Plectophanes archeyi
- Conservation status: Data Deficit (NZ TCS)

Scientific classification
- Kingdom: Animalia
- Phylum: Arthropoda
- Subphylum: Chelicerata
- Class: Arachnida
- Order: Araneae
- Infraorder: Araneomorphae
- Family: Cycloctenidae
- Genus: Plectophanes
- Species: P. archeyi
- Binomial name: Plectophanes archeyi Forster, 1964

= Plectophanes archeyi =

- Authority: Forster, 1964
- Conservation status: DD

Species of spider

Plectophanes archeyi is a species of Cycloctenidae spider endemic to New Zealand.

==Taxonomy==
This species was described in 1964 by Ray Forster from female specimens.

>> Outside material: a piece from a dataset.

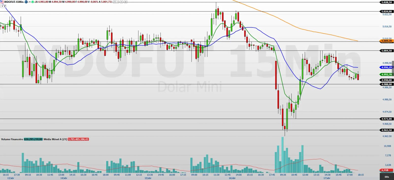 O minidólar (WDOK26), na sessão de 17 de abril, apresentou uma queda de 0,32%, finalizando a 4.990 pontos. Esse movimento indica uma continuidade da pressão vendedora, reforçando o processo corretivo que se observa no curto prazo. O desempenho da moeda americana também foi influenciado por uma leve recuperação no cenário global: o anúncio do Irã sobre a reabertura do Estreito de Ormuz para tráfego comercial trouxe alívio ao mercado, elevando a esperança de uma resolução para o conflito no Oriente Médio. Como resultado, o dólar experimentou uma desvalorização significativa, junto com a queda do petróleo, que se aproximou de US$ 90.

It was most recently revised in 1979. The holotype is stored in Canterbury Museum.

==Description==
The female is recorded at 5.94mm. This species has a dark brown carapace. The abdomen is pale yellow with dark markings dorsally.

==Distribution==
This species is only known from Canterbury, New Zealand.

==Conservation status==
Under the New Zealand Threat Classification System, this species is listed as "Data Deficient" with the qualifiers of "Data Poor: Size" and "Data Poor: Trend".